# Forum About Russia Russian Cities  Taldom

## SapphireEyes

*Has anyone heard of this town? Thats where I am from...*

----------


## PAY

> *Has anyone heard of this town? Thats where I am from...*

 I haven't been there, but I know that it is near to Moscow. And i know that writer Saltykov-Shedrin was born in Taldom  :: 
There is not much an information about this town: http://taldom-site.narod.ru/index.html

----------


## SapphireEyes

> Originally Posted by SapphireEyes  *Has anyone heard of this town? Thats where I am from...*   I haven't been there, but I know that it is near to Moscow.
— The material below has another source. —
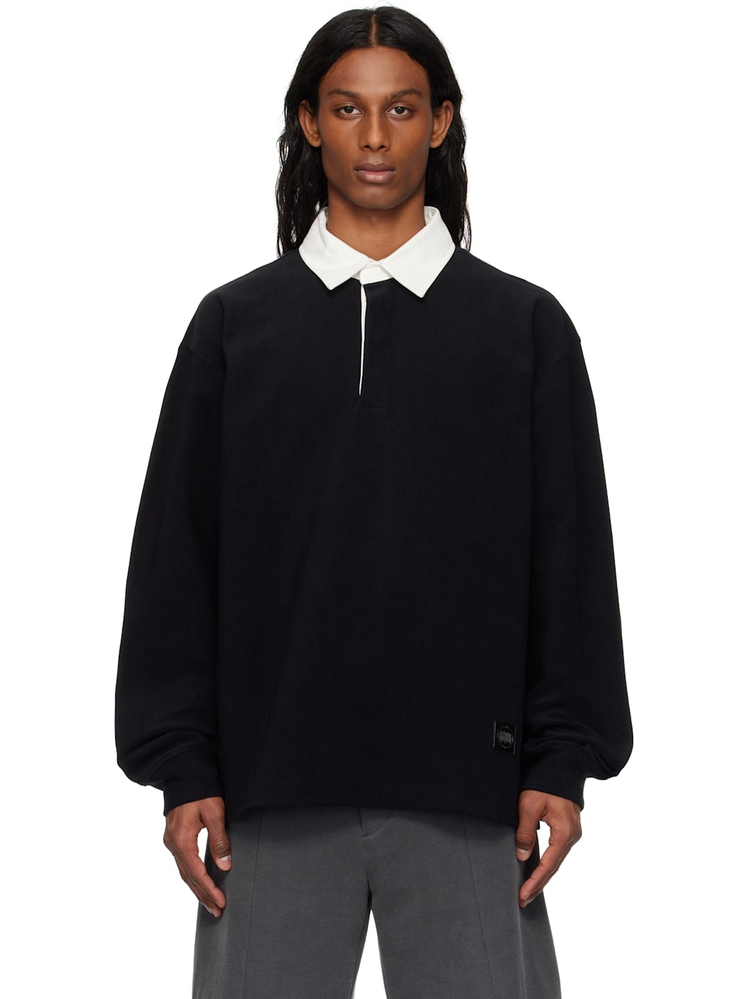 Cotton-blend jersey polo. · Cotton twill spread collar · Concealed three-button placket · Logo patch at front · Vented side seams · Dropped shoulders · Elbow patches · Logo flag at cuff · Rib-knit cuffs · Logo hardware at back collar Supplier color: Black Body: 88% cotton, 12% polyester. Trim: 100% cotton. Made in South Korea 251221M212001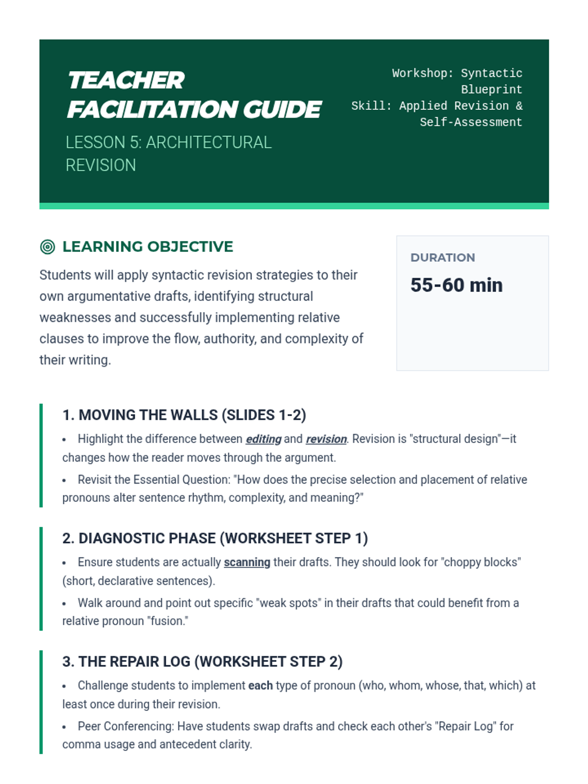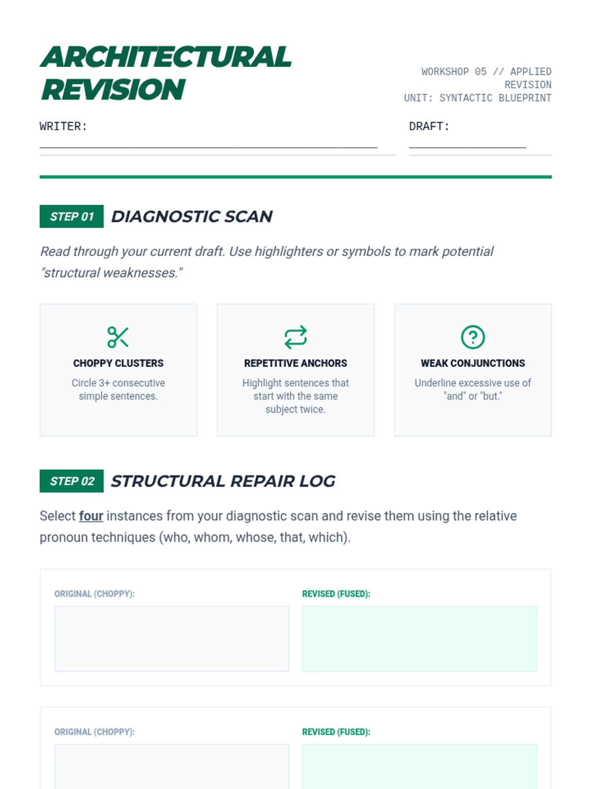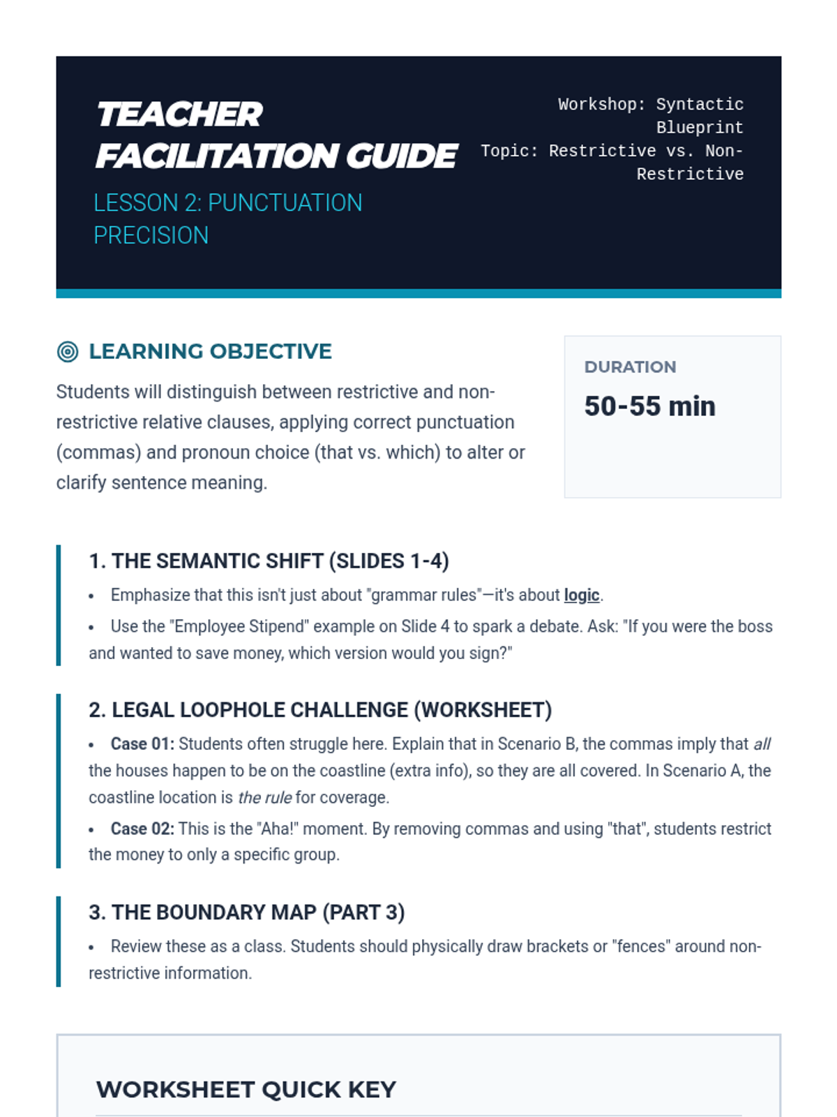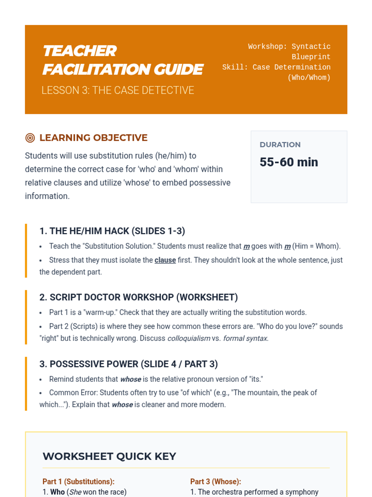 A comprehensive sequence for 11th-grade students focusing on the mastery of relative pronouns to build syntactic complexity. Students progress from basic clause identification to the nuanced application of restrictive vs. non-restrictive clauses, case determination for 'who/whom', and advanced sentence combining techniques for academic writing.

And i know that writer Saltykov-Shedrin was born in Taldom 
> There is not much an information about this town: http://taldom-site.narod.ru/index.html

 yeah definitely its a very small town, I liked it though, although I was in an orphanage most of my life

----------


## kalinka_vinnie

Tladom isn't that far from Dmitrov, maybe JB has been there lately?

----------


## SapphireEyes

> Tladom isn't that far from Dmitrov, maybe JB has been there lately?

 Not sure, I am going to Moscow in December, but not to Taldom, so anybody have any ideas of what I can do while I am there?

----------


## kalinka_vinnie

Well, looking on Google Earth, it doesn't seem too far away from Moscow, a  short train ride should get you there. How long are you staying in Moscow? Obviously, you need to see the Red Square (without Lenin statues, but with the Lenine mummy) and the Tetryakov Gallery!

----------


## SapphireEyes

> Well, looking on Google Earth, it doesn't seem too far away from Moscow, a  short train ride should get you there. How long are you staying in Moscow? Obviously, you need to see the Red Square (without Lenin statues, but with the Lenine mummy) and the Tetryakov Gallery!
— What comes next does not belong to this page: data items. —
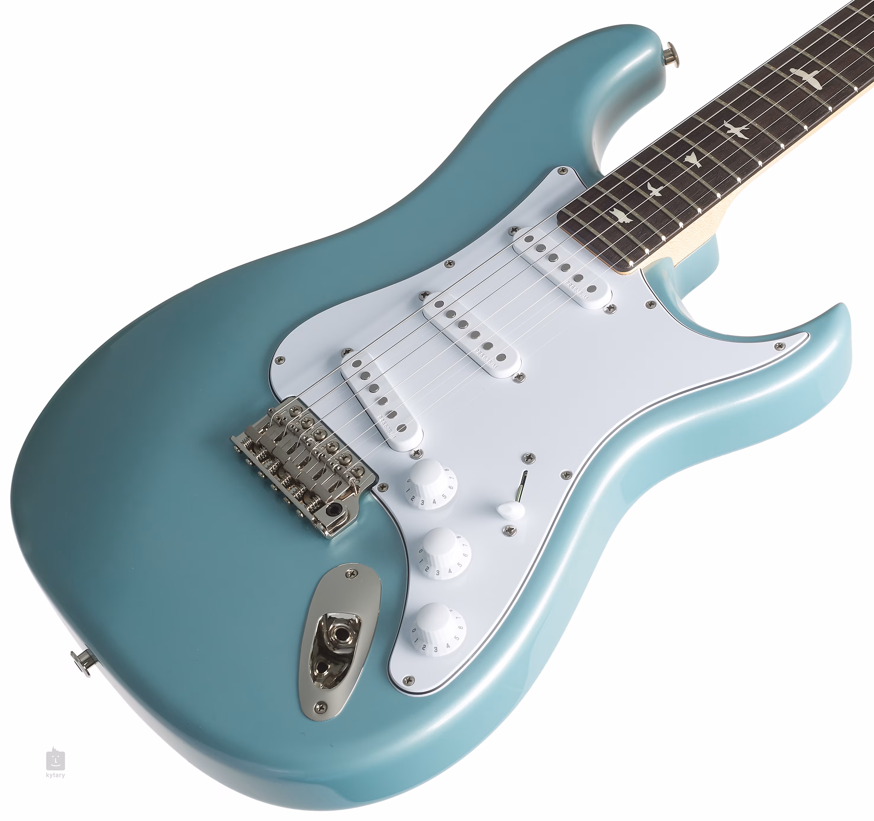Drei 635JM Single-Coil-Tonabnehmer verleihen der Gitarre einen runden, vollen Klang mit schön singenden Höhen. Sein Charakter lässt sich mit zwei Tonblende-Potentiometern und einem Lautstärkeregler einstellen. Die Saiten sind in einem Stahltremolo im Vintage-Design montiert, das mit einem PRS-Tremolohebel und Gen III-Schrauben (Messerschneide) ausgestattet ist. Die Stimmstabilität wird durch eine abschließbare Mechanik im Vintage-Stil gewährleistet. Zu den weiteren Besonderheiten des Instruments gehören eine Kopfplatte mit dem Markenzeichen von PRS, einem Griffbrett aus Knochen oder einer signierten Halsplatte. Ein weißes Schlagbrett schützt den Lack des Instruments vor Kratzern, die durch Plektrumspiel verursacht werden.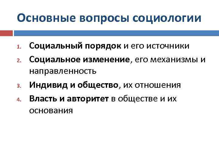 Основные вопросы социологии 1. 2. 3. 4. Социальный порядок и его источники Социальное изменение, его механизмы и направленность Индивид и общество, их отношения Власть и авторитет в обществе и их основания
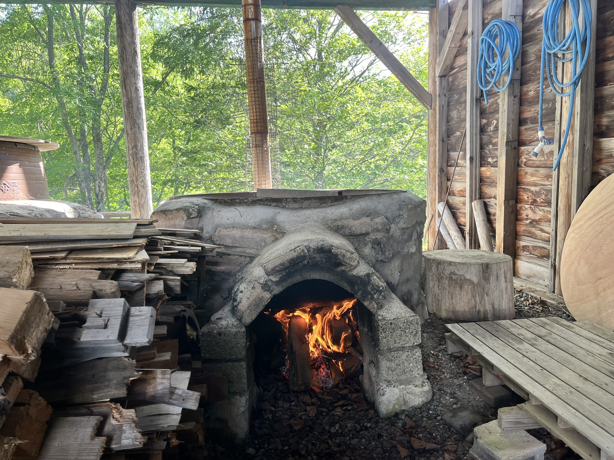 別途、薪ストーブ用の薪ストーブ用の薪を1コンテナ¥2,000で販売しております。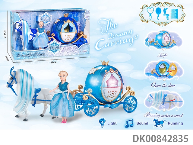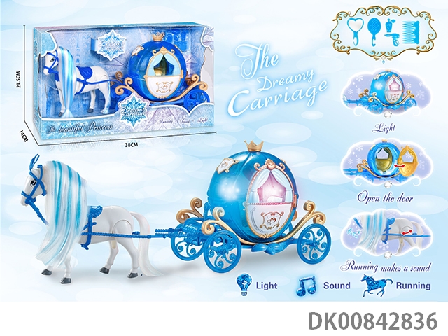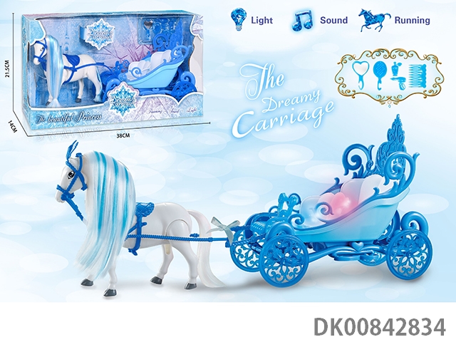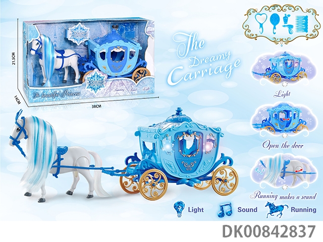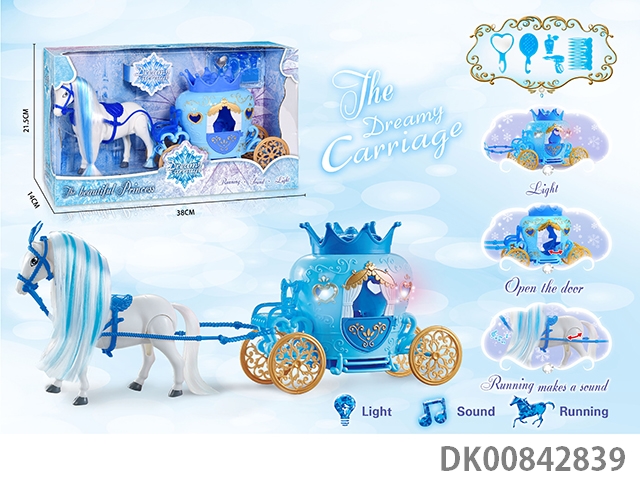 Electric color hair horse crown car with princess (blue)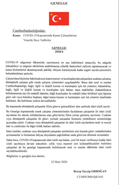 Cumhurbaşkanlığı tarafından yayınlanan genelge ile kamu çalışanları dönüşümlü ve esnek çalışma yöntemi uygulanarak idari izinli sayılacaklar.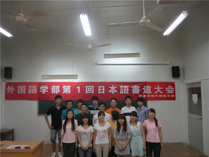 为进一步丰富外语系日语专业学生第二课堂,提高日语专业学生的书写能力,同时激发全院广大日语学习者的学习兴趣,为他们提供展现自我的舞台,5月26日,外语系成功举办了“安康学院首届日语书法大赛”。 5月26日晚7:30在6408教室,举行了颁奖仪式。外语系党总支书记李岩老师、日语外籍教师赤松秀夫先生,应邀出席颁奖仪式。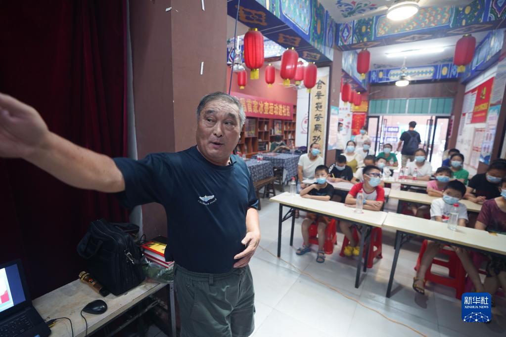 戴廷耀为社区居民讲述给老红军留影的故事(7月27日摄)。

 I am going to be in Moscow dec 8-12, I am so excited, I havent been there in a looooong time. I am going to the Pushkin Cafe, and the Red Square, and probly some museums, and churches.

----------


## JB

Taldom is north of Dmitrov. I haven't been there but by my map it looks to be about 1-2 hour north of my city. Dmitrov is almost 2 hours north of Moscow by train so Taldom would be quite a long trip by train from Moscow.

----------


## SapphireEyes

> Taldom is north of Dmitrov. I haven't been there but by my map it looks to be about 1-2 hour north of my city. Dmitrov is almost 2 hours north of Moscow by train so Taldom would be quite a long trip by train from Moscow.

 Its about a 3 hour car ride, I have gone there by car before and it usually takes about 3 hours for me

----------


## rockergal_al

IM FROM THERE!!

----------


## kalinka_vinnie

You are from Taldom?   ::

----------


## MikeM

> Taldom is north of Dmitrov. I haven't been there but by my map it looks to be about 1-2 hour north of my city. Dmitrov is almost 2 hours north of Moscow by train so Taldom would be quite a long trip by train from Moscow.

 From the site mentioned above:
Город расположен в 110 км к Северу от Москвы. С Москвой талдом связан Дмитровским шоссе, а также железной дорогой Савеловского направления. Время в пути по железной дороге до Савеловского вокзала 120 минут.

----------